→ Input data

──────────────────────────────

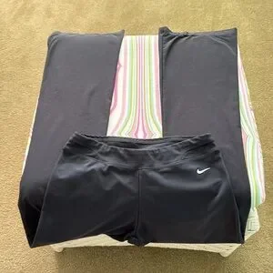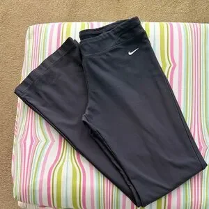 Gently worn Nike gray athletic pants wide leg, check picture, some wear on back of legs, check picture, price reflects wear, size Small 2-4 poly/ spandex blend
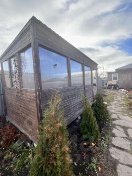 На участке имеется тёплая строительная бытовка 5*2.40 и деревянная беседка*2.40.
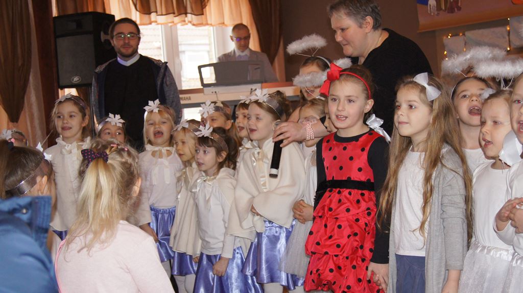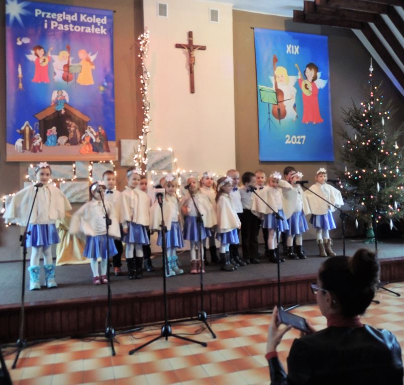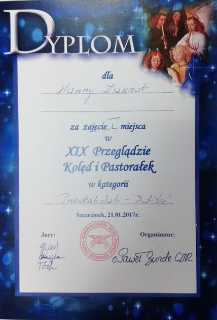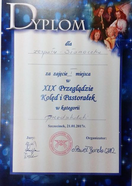 Naszym przedszkolakom tak bardzo spodobało się kolędowanie, że postanowiły wziąć udział w XIX Przeglądzie Kolęd i Pastorałek organizowanym przez Parafię Ducha Świętego w Szczecinku. Zespół „Słoneczka” składający się z 5-latków z grupy p. Kasi zdobył zaszczytne pierwsze miejsce. Hania Zawrot z grupy p. Uli również zajęła I miejsce w kategorii soliści. Gratulujemy!
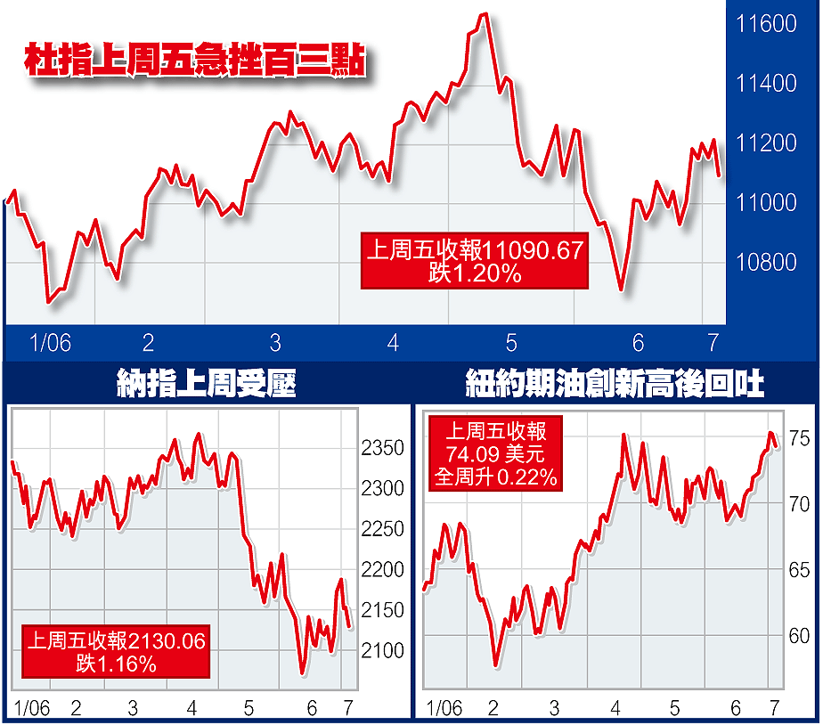 【本報綜合報道】杜指上周五下挫134.63(1.20%),收報11090.67,是6月5日至今最大單日跌幅;納斯達克綜合指數收市跌25.03(1.16%),報2130.06;標準普爾500指數跌8.60(0.67%),收報1265.48。總結全周表現,美股3大指數都低收。杜指跌59.55(0.53%);納指滑落42.03(1.94%),為上月9日那星期以來最大的單一周跌幅;標普指數跌4.72(0.37%)。

──────────────────────────────

→ Work request
Only exact repeats of the lines from the one containing "На участке имеется" through the end of the listing above are wanted here; pictures are not.

→ Answer area
 На участке имеется тёплая строительная бытовка 5*2.40 и деревянная беседка*2.40.
 Naszym przedszkolakom tak bardzo spodobało się kolędowanie, że postanowiły wziąć udział w XIX Przeglądzie Kolęd i Pastorałek organizowanym przez Parafię Ducha Świętego w Szczecinku. Zespół „Słoneczka” składający się z 5-latków z grupy p. Kasi zdobył zaszczytne pierwsze miejsce. Hania Zawrot z grupy p. Uli również zajęła I miejsce w kategorii soliści. Gratulujemy!
 【本報綜合報道】杜指上周五下挫134.63(1.20%),收報11090.67,是6月5日至今最大單日跌幅;納斯達克綜合指數收市跌25.03(1.16%),報2130.06;標準普爾500指數跌8.60(0.67%),收報1265.48。總結全周表現,美股3大指數都低收。杜指跌59.55(0.53%);納指滑落42.03(1.94%),為上月9日那星期以來最大的單一周跌幅;標普指數跌4.72(0.37%)。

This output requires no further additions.